Hegemonic Masculinity
As defined by R. W. Connell, the form of masculinity that is culturally dominant and legitimates men’s power over women and other masculinities.
Pariah Femininities
Forms of femininity that are socially punished because they refuse male control or violate modest norms, such as lesbianism or sexual independence.
Political History
The study of political events, institutions, ideas, and leaders, focusing on how power is organized, used, resisted, and justified in society.
Emic Perspective
An insider’s perspective that seeks to understand a past world through the terms and logic used by the people living in it at the time.
Etic Perspective
An outsider’s perspective where a historian applies modern analytical frameworks and patterns to explain historical societies.
Lordship
An alternative concept to the 'state' for medieval history, focusing on layered, fragmented power based on personal dependency and landholding.
Ordinary Politics
A concept by Tom Johnson referring to the everyday work ordinary people did to govern their own communities, such as managing common land or organizing resources.
Thick Description
An anthropological method introduced by Clifford Geertz involving the interpretation of the deep symbolic meanings behind cultural rituals and actions.
Moral Economy
A concept from E. P. Thompson used in cultural history to explain how popular protests are often driven by a sense that traditional customs or justice have been violated.
Digital History
The use of digital tools, digitized archives, and computational methods like text mining and network analysis to study and interpret the past.
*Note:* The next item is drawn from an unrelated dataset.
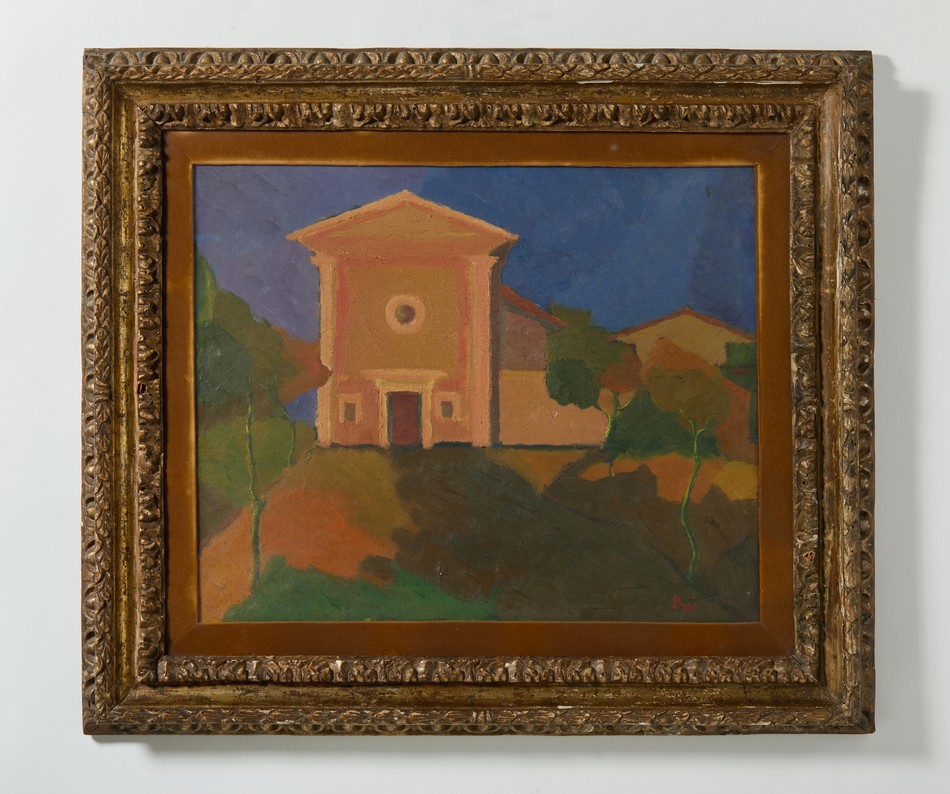 POGGI D'ANGELO MARINA (1910 - 2001) CHIESETTA DI CAMPAGNA . Olio su tela. Cm 60,00 x 50,00. firma. Cornice presente

OCR (Optical Character Recognition)
A technology used in digital history to convert images of printed text into machine-readable data, though often prone to errors in older documents.
Distant Reading
A digital methodology that involves analyzing large volumes of text at scale to find patterns and trends rather than reading individual texts closely.
International Society
A subject of study proposed by Erez Manela that expands international history beyond state diplomacy to include NGOs, scientists, and the global circulation of ideas.
The Paradox of Violence
Ian Morris’s theory that while war increases violence in the short term, it historically leads to strong states that reduce the overall proportion of violent deaths.
Comparative History
A historical method of analyzing two or more societies, regions, or time periods alongside each other to identify unique traits or general causal patterns.
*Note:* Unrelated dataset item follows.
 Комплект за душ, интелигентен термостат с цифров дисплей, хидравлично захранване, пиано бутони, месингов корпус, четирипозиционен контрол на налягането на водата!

Individualizing Comparison
A type of comparative history used to highlight and explain what is unique about one specific case, such as the 'Sonderweg' (special path) of Germany.
Entangled Histories
Approaches like 'histoire croisée' that focus on interconnections, mutual influence, and the flow of people and ideas between societies rather than treating them as separate units.
Nativism
An approach to African history criticized by Achille Mbembe for overemphasizing 'authenticity' and using rigid binaries like native versus settler.
Genetic Diaspora
A concept by Noah Tamarkin describing how people like the Lemba in South Africa use DNA and genetic data to imagine and negotiate shared identity and belonging.